10. The method of claim 7, wherein when the allocatable resource is memory, allocating the allocatable resource to the container based on the target NUMA node comprises:

judging whether the residual memory of the target NUMA node meets the memory required by the container;

if the residual memory of the target NUMA node meets the memory required by the container, distributing the residual memory of the target NUMA node to the container;

and if the residual memory of the target NUMA node does not meet the memory required by the container, distributing the residual memory of other NUMA nodes under the same CPU interface unit for the container.

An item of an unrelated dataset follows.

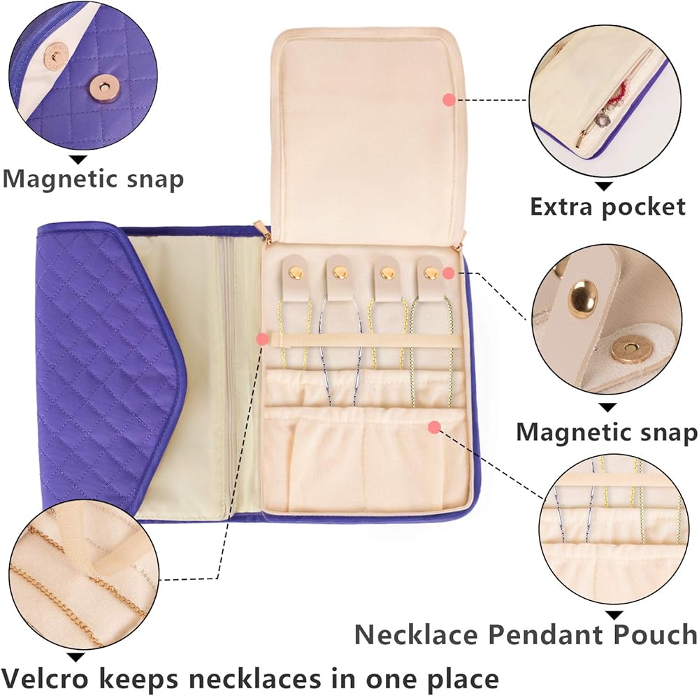 EXCELLENT PROTECTION: Quilted and velvet inner material offer great protection for jewelries. Unique Snaps Closure design easily access to close and open.

11. The method of claim 10, wherein allocating remaining memory for the container for other NUMA nodes under the same CPU interface unit comprises:

judging whether the residual memories of other NUMA nodes under the same CPU interface unit meet the memory required by the container;

if the residual memory of the other NUMA nodes meets the memory required by the container, distributing the residual memory of the other NUMA nodes to the container;

and if the residual memories of the other NUMA nodes do not meet the memory required by the container, distributing the memory under a CPU interface unit which is different from the target NUMA node to the container.

12. The method of claim 7, wherein when the allocatable resources are network card virtual functions and virtual graphics processors, prior to allocating the allocatable resources to the container based on the target NUMA node, the method further comprises:

judging whether the network card virtual function and the virtual graphic processor of the same PCIe switching unit meet the network card virtual function and the virtual graphic processor required by the container;

and if the network card virtual function and the virtual graphic processor of the same PCIe switching unit meet the network card virtual function and the virtual graphic processor required by the container, distributing the network card virtual function and the virtual graphic processor of the same PCIe switching unit to the container.

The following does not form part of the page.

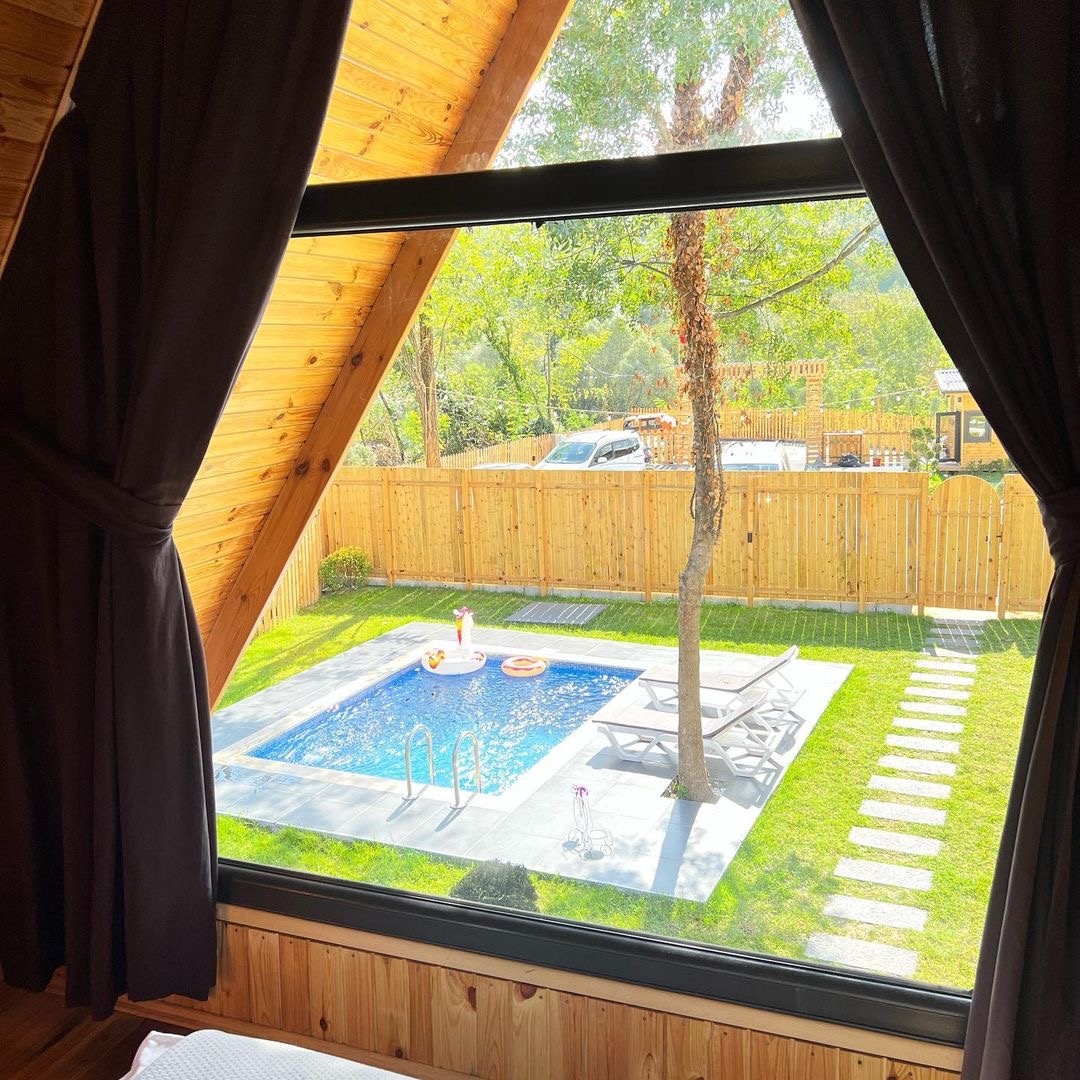 يوجد حوض سباحة (مُدفأ في فصل الشتاء).  (3×5 150 سم) وكراسي استلقاء للتشمس

13. The method of claim 7, wherein, when the allocatable resources are network card virtual functions and virtual graphics processors, allocating the allocatable resources to the container based on the target NUMA node comprises:

judging whether the network card virtual function and the virtual graphic processor of the target NUMA node meet the network card virtual function and the virtual graphic processor required by the container;

if the network card virtual function and the virtual graphic processor of the target NUMA node meet the network card virtual function and the virtual graphic processor required by the container, distributing the network card virtual function and the virtual graphic processor of the target NUMA node to the container;

and if the network card virtual function and the virtual graphic processor of the target NUMA node do not meet the network card virtual function and the virtual graphic processor required by the container, distributing the network card virtual function and the virtual graphic processor which are positioned under the same CPU interface unit as the target NUMA node for the container.

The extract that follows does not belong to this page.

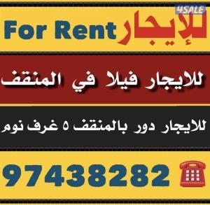 - ٥غرف نوم كبار - غرفة خ - ٥ حمام - صالة كبيرة - مطبخ كبير مع شفاط مركزي - تكييف مركزي - سخان مركزي - فلتر مركزي - غاز مركزي - تليفون ارضي - مواقف كثيرة - جميع الشبابيك بالكامل شتر كهرباء - موقع راس ٣ جهات علي شارع رئيسي (١) للإيجار فيلا كاملة بالمنقف دورين :- - الدور الارضي :- - غرفة نوم ماستر - 2 صالة كبيرة - مطبخ كبير - غرفة س مع - غرفة خ مع حمام - حوش كبير - ⛔️ الدور الاول :- - ٥ غرف نوم كبار - ٣ حمام - صالة - بلكونة كبيرة - السعر 1300 دينار - موقع ممتاز - تليفون/

14. The method of claim 13, wherein assigning the container with a network card virtual function and a virtual graphics processor under the same CPU interface unit as the target NUMA node comprises:

Judging whether a network card virtual function and a virtual graphic processor under the same CPU interface unit as the target NUMA node meet the network card virtual function and the virtual graphic processor required by the container;

if the network card virtual function and the virtual graphic processor under the same CPU interface unit with the target NUMA node meet the network card virtual function and the virtual graphic processor required by the container, distributing the network card virtual function and the virtual graphic processor under the same CPU interface unit to the container;

and if the network card virtual function and the virtual graphic processor under the same CPU interface unit with the target NUMA node do not meet the network card virtual function and the virtual graphic processor required by the container, distributing the network card virtual function and the virtual graphic processor under different CPU interface units to the container.